Task objective: Below are the records; return every line from the one that contains "Hængelampe Yildo: Elegant" to the last, exactly, skipping the pictures.
::: Data provided :::
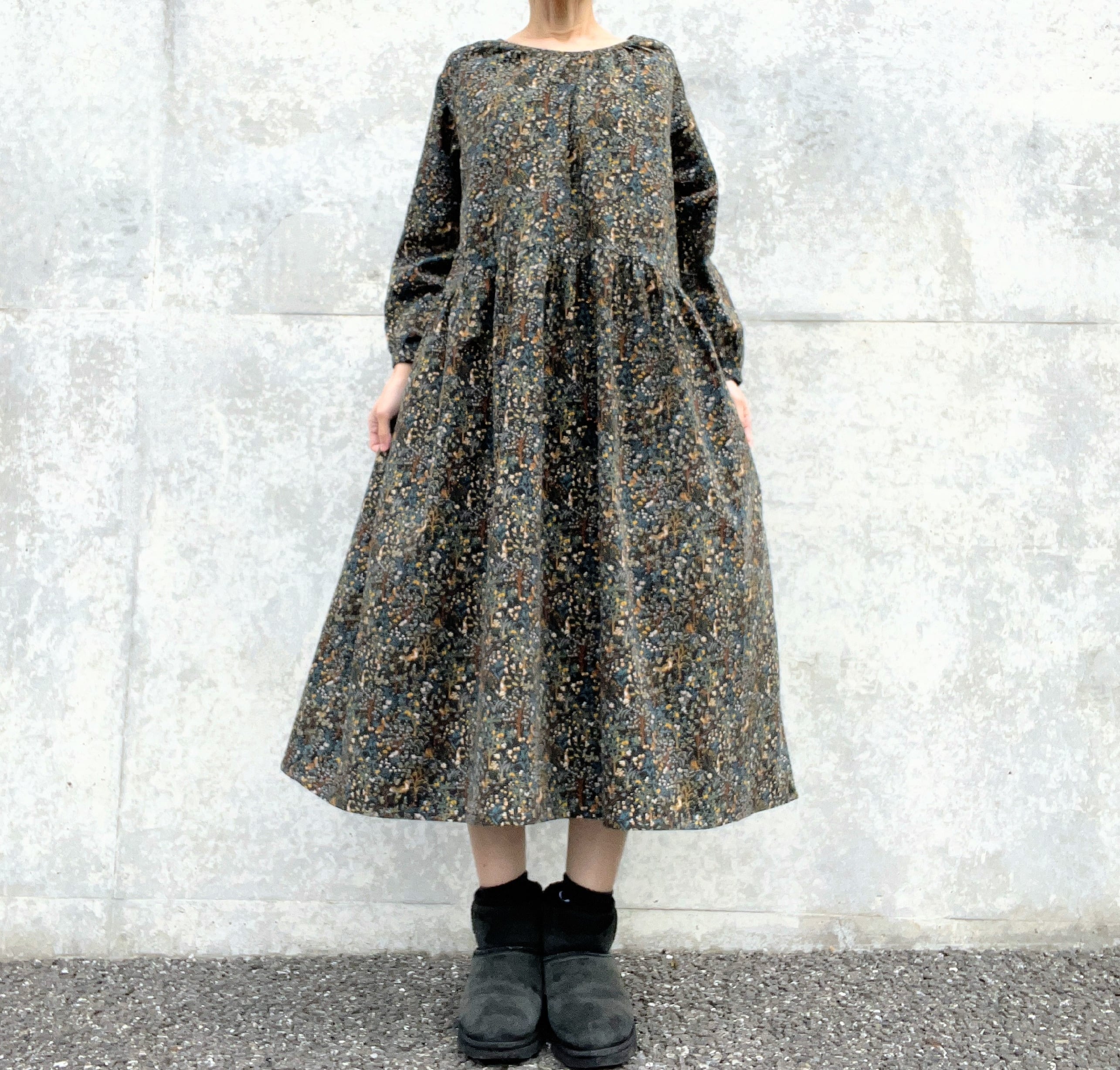 冬支度の森*あったかコーデュロイの長袖ワンピース*ポケット付*綿100%*キツネ小鳥ツリーうさぎリス草花柄
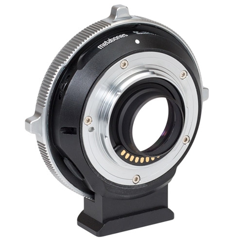 Canon EFマウントレンズをBMPCC4K(BlackMagic Pocket Cinema Camera 4K)に装着するためのアダプターです。電子接点を介してボディでキャノン製EFレンズを制御が可能です。レンズを回転せずに装着できるシネモデルです。
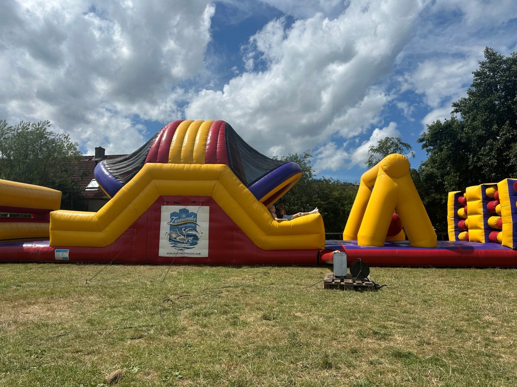 Zur Mittagszeit wurde es richtig spannend: Der Zirkus war in der Stadt! Es gab verschiedene Stationen, die die Kinder erkunden konnten. Besonders beliebt war die riesige Hüpfburg mit Wasserrutsche, auf der die Kids ausgelassen herumgehüpft sind. Beim Nägel in einen Stamm schlagen haben sie versucht, mit möglichst wenigen Schlägen den Nagel zu versenken – eine echte Herausforderung! Außerdem gab es Ballon-Dart, Entenangeln, Glücksrad, Torwandschießen und eine Waffelstation, an der die Kinder sich selbst leckere Waffeln backen konnten.
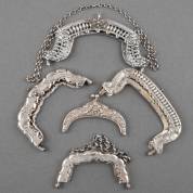 Vier 2e gehalte zilveren tasbeugels, diverse meesters en jaren, daarbij: 3e gehalte zilveren tasbeugel, gewicht 157 gram
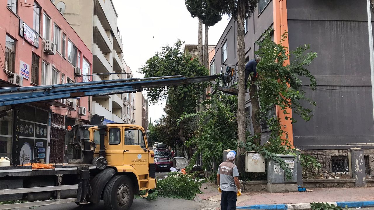 Park ve Bahçeler Müdürlüğü ekipleri, hafta sonu boyunca yoğun şekilde mesai harcayarak park, bahçe ve yeşil alanların yanı sıra cadde, sokak ile okul, cami, hastane ve sağlık ocağı gibi birçok kamu kurumunun bahçesinde yer alan ağaçların bakımını gerçekleştirdi. Sonbahar mevsimine girilen bu dönemde ekiplerin çalışmaları ilçe genelinde kesintisiz devam ediyor.
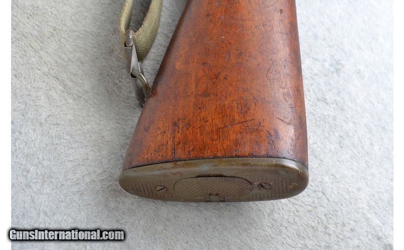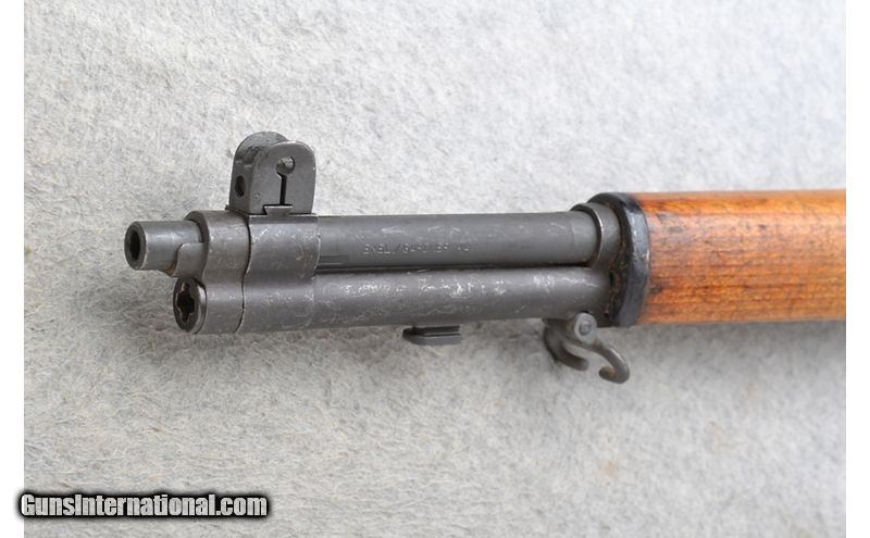 Description: This International Harvester Model U.S. Rifle M1 Garand is a right hand semi-auto U.S. Military rifle in .30-06 Sprg. Cal. It has a 24 inch barrel. A blade front sight with protective sides and an adjustable aperture rear sight. The butt stock is a smooth grip hardwood pistol grip. The forearm is a smooth grip two piece hardwood. It comes with a green cloth sling. Receiver Serial Number 5107506 (1954). The barrel is stamped S-A-3-52. The M1 Garand is still widely used by civilians for hunting, target shooting and as a military collectible. .30-06 Springfield SOLD Chambers: Semi-Auto 8 round en bloc clip internal magazine. Metal Condition: Very good. Barrel has some handling marks. Wood Condition: Fair. Many handling marks. Cracks both sides of butt stock at butt plate. Bore Condition: Very good. Barrels: 24 inch. Stock Dimensions: LOP 13 inches. Fore End: Smooth grip two piece hardwood. Butt Pad: Checkered steel plate with a trapdoor storage compartment. Weight: 10 lb. 2 oz. Sights: Blade front with protective sides. Adjustable aperture rear. Item Location: Richfield, WI |
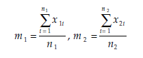 x1 = the mean estimated from the sample of variable X in population 1,
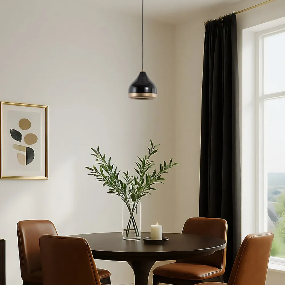 Hængelampe Yildo: Elegant kombination af sort og guld for stilfulde accenter
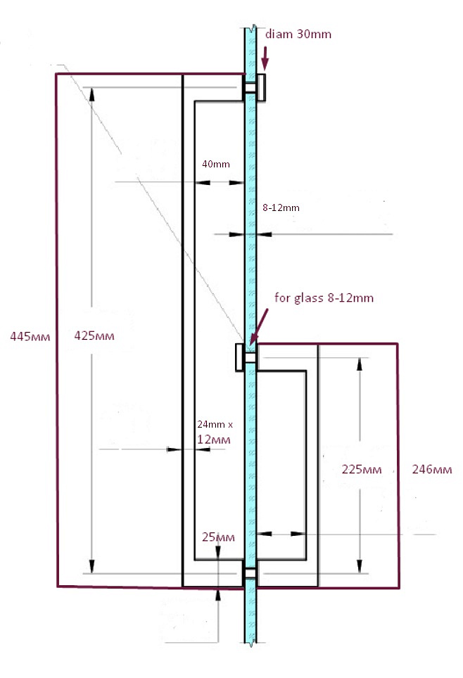 Ручка 225х425 круглая + квадратная труба, марка стали- AISI 304, черная
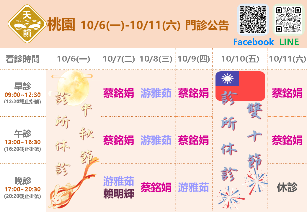 📢10/6(一)~10/11(六)桃園門診表
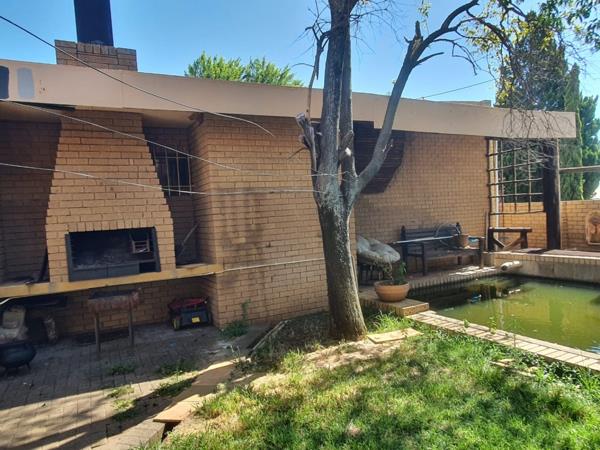 The outside area has a big front garden, and the back houses a built-in braai facility, a small pool and a fishpond.
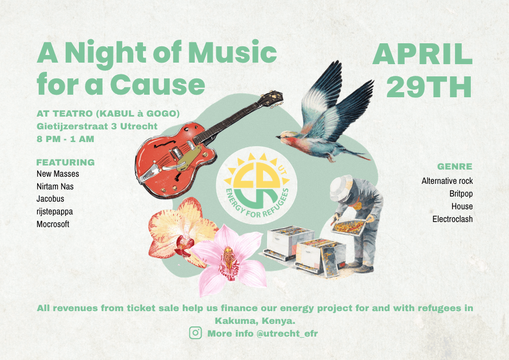 Join us on April 29th at 20:00 at Teatro (KABUL Ă GoGo) in Utrecht for a night of live music and great vibes, all in support of our 2026 project Greening Kalobeyei in Kakuma refugee camp, Kenya.Â
:::
Response to the task:
 Hængelampe Yildo: Elegant kombination af sort og guld for stilfulde accenter
 Ручка 225х425 круглая + квадратная труба, марка стали- AISI 304, черная
 📢10/6(一)~10/11(六)桃園門診表
 The outside area has a big front garden, and the back houses a built-in braai facility, a small pool and a fishpond.
 Join us on April 29th at 20:00 at Teatro (KABUL Ă GoGo) in Utrecht for a night of live music and great vibes, all in support of our 2026 project Greening Kalobeyei in Kakuma refugee camp, Kenya.Â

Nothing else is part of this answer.